Na matéria constata-se que a maioria dos médicos brasileiros é a favor da criação da carreira de estado, 96%, em pesquisa realizada pelo Instituto Vox Populi, em fevereiro de 2014. O CFM sabe muito bem que o governo brasileiro tem sido incompetente para atrair e fixar médicos no serviço público, recorrendo a expedientes improvisados, como terceirizações, bolsas, consórcios, etc. Esses recursos caracterizam a precariedade dos contratos de trabalho, no processo chamado de “precarização”. Contratam-se médicos sem concurso público, sem plano de carreira, de forma atabalhoada, alegando sempre uma emergência que nunca é equacionada e sempre serve de argumento para a improvisação seguinte. O resultado é a reprodução da precarização . Faltam, em todos esses casos, o componente essencial de todas as soluções que partem do estado: a vontade política.
A matéria citada se refere a três PECs (Proposta de Emenda Constitucional).
A primeira, pronta para ser incluída na pauta de votação do plenário da Câmara dos Deputados é a PEC 454, de autoria do então deputado e atual senador Ronaldo Caiado, médico ortopedista de Goiás, que faz parte da bancada do DEM. A segunda é a PEC34/2011, de autoria do então senador paraibano do PMDB, Vital do Rego. A terceira, de autoria do mesmo Vital do Rego, é a PEC 46/2013.
A PEC 454 cria uma carreira única de médicos, mantida pela União, mas que os profissionais poderão ser cedidos para atuar nas esferas estaduais e municipais. A remuneração seria fixada de acordo com um piso nacional definido em lei específica (como já acontece no caso dos professores) e a carreira valorizará tempo de serviço e os níveis de qualificação na área médica. A possibilidade de cessão dos integrantes dessa carreira para estados e municípios é algo que já existe no SUS, tendo sido praticada mais ativamente quando da implantação do SUS, com a “municipalização” de servidores públicos estaduais e do antigo INAMPS.

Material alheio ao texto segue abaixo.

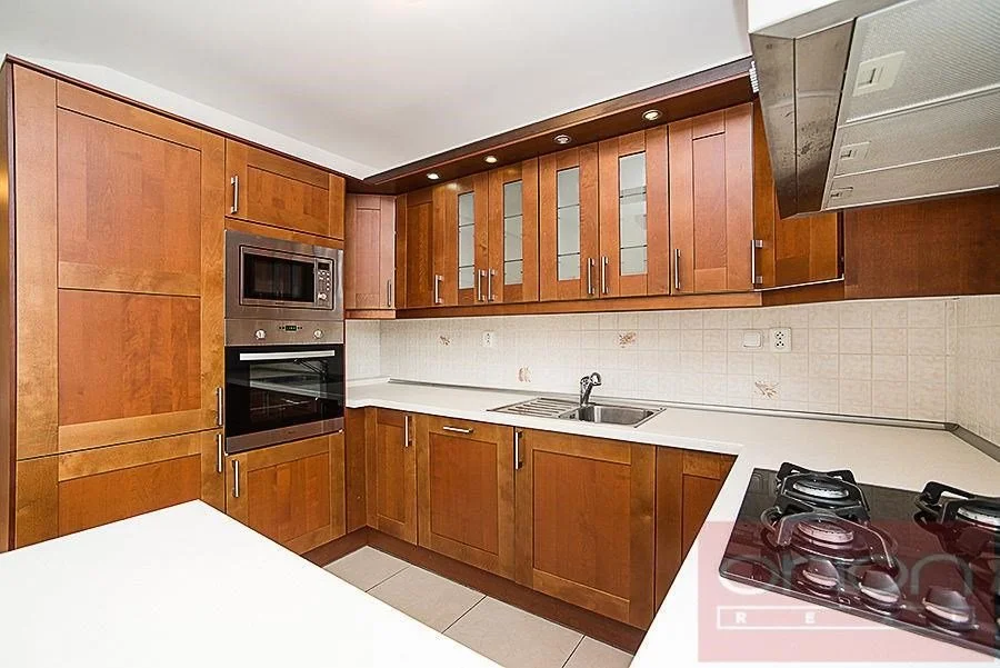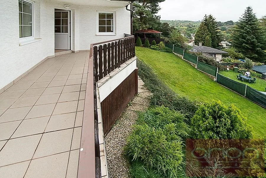 Dům v přízemí nabízí vstupní halu, plně vybavenou kuchyň s jídelnou a balkonem, prostorný obývací pokoj (65 m²) s krbem a přímým vstupem na zahradu, dále šatnu, koupelnu se sprchovým koutem a samostatnou toaletu. V prvním patře se nacházejí 3 prostorné ložnice, koupelna s rohovou vanou a toaletou a šatna. V nižším přízemí jsou další 2 ložnice, koupelna, toaleta a přímý vstup na zahradu a terasu. K dispozici je garáž pro 1 auto a další parkovací stání na pozemku. Klidná lokalita v blízkosti mezinárodních škol a s výbornou dostupností do centra. Tramvajová zastávka je vzdálena jen pár minut chůze. V okolí naleznete kompletní občanskou vybavenost – školy, restaurace, obchodní centrum Nový Smíchov i nákupní galerii Nové Butovice.

A PEC 34/2011 determinada a dedicação exclusiva do profissional médico da carreira de estado ao SUS, sem concessões, que o médico seja obrigado a residir no município ou na região metropolitana onde esteja lotado e participe de “cursos de preparação e aperfeiçoamento”, sendo essa participação obrigatória para o processo de promoção.
O mesmo autor da PEC anterior, apresentou também a PEC 46/2013, que altera o artigo 241 da Constituição Federal (1), instituindo o “consórcio público de direito privado” (sic) para atuação na atenção básica do SUS. Nesse caso os médicos que exercem atividade fim no serviço público de saúde, na atenção básica, seriam dispensados de prestar concurso público, nem servidores públicos seriam, mas empregados contratados pela CLT pelos tais consórcios. Atuariam em qualquer “órgão ou entidade” de “quaisquer entes federados consorciados”.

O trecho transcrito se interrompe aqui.